Their masterplan centred around the principles of employment, heritage and re-engaging with the local community.
William says: "We went round the whole of northern England looking at other mills in Yorkshire and across in Lancashire.
"Not to copy them, but just to see what other people were doing with them and what might work best for here."
Change of use permissions were granted by the council and funding was secured, including substantial investment from the family coffers, and the transformation began in 2015.
Now the mill on Town Street has about 500 people working in 70 businesses as well as 50 artists' studios.
The Great British Sewing Bee television series has been filmed in its 1912 mill since 2022.
"We're about half way through the redevelopment of the mills now, which is a big surprise to some people because they think it looks like the finished article," says William, 58.
"I think now that I won't see it done in my tenure, so something for the next generation to get their teeth into."

Not all mills are so fortunate.
And when one goes up in flames the received wisdom is the building has been deliberately set on fire.
For fire investigator Chris Clarke it is merely the start of an exhaustive process of elimination to establish, if possible, a cause.
The 64-year-old spent almost three decades working for the West Yorkshire Fire & Rescue Service, 12 of those in its fire investigation team, which he eventually ran.
He says: "If you look at recent mill fires across the Bradford district, they've a history of vandalism, anti-social behaviour, possibly drug-taking and drinking.
"They're just insecure buildings and easy targets for deliberate fire setting."

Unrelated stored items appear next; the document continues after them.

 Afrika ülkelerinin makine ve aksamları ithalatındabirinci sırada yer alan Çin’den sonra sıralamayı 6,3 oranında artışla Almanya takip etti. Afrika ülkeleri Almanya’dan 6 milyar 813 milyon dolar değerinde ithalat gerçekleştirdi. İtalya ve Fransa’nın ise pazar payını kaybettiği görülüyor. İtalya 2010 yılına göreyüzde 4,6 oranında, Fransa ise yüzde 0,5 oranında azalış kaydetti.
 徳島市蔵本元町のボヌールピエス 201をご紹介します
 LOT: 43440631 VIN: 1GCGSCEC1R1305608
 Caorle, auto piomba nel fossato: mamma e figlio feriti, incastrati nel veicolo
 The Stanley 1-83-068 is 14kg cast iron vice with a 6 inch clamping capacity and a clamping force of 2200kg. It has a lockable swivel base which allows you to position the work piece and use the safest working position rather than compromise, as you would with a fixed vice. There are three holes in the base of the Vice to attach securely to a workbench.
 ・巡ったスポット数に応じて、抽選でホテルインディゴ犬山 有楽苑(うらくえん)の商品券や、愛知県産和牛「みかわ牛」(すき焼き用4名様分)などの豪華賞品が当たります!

In the 2000s, causes of mill fires included the stripping of copper wire with thieves burning off the plastic insulation on site.
When the mills were still working, mechanical and electrical faults were often to blame.

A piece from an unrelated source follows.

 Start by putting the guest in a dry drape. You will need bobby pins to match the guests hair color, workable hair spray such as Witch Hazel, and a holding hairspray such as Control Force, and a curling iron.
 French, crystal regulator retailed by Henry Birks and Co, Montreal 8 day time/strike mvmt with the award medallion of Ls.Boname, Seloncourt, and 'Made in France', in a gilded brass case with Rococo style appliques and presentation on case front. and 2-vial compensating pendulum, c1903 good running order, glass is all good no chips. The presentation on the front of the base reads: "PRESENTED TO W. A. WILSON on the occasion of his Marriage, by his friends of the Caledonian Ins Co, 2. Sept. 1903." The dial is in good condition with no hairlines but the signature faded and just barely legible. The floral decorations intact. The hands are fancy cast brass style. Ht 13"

"The problem being, and this is mentioned in Hansard in 1956, especially (with) the wool mills," Chris says.
"All of the timber and the timber joists, etc, were soaked in oil - the lanolin from the sheep's wool.
"It just takes a small ignition source and the fire spreads uncontrollably through big, vast open areas where the looms were."
Chris is now a partner in Fire Investigations (UK) LLP which provides forensic fire investigation reports for clients across the world.
He says: "I suspect in 10 years' time we won't be having this conversation because there are very few mills left, certainly in the Bradford and Calderdale districts.
"The ones that are have been turned into functioning, fire-safe buildings now."
SALTS MILLA prime example is Salts Mill where Zoë Silver is co-director along with sister Davina.
In 1987 their father Jonathan Silver bought the Grade II* listed mill in Saltaire.
Zoë says: "My dad Jonathan bought it 1987 when he was 37 and he just had a go.
"Nobody wanted it, it was empty and he just thought 'I can do this'. He had form, he'd done similar things before, but nothing on this scale."
Jonathan had an ace up his sleeve in that his friend, from Bradford Grammar School, was world-famous artist David Hockney.
"My dad got one room ready, hung it with pictures by David Hockney, and opened the doors and was willing to see what happened next."
Her father's life was cut tragically short by cancer when he was just 47, but wife Maggie took over its running.
The former textile mill, which Sir Titus Salt originally opened in 1853, is part of a Unesco World Heritage Site.
It now boast an art gallery, shops, restaurants and spaces for hire with about 1,000 people working on site.
Zoë says: "That's the thing about these old buildings.
"The minute you can get some life into them, any life, they give you some much back... and they give you hope."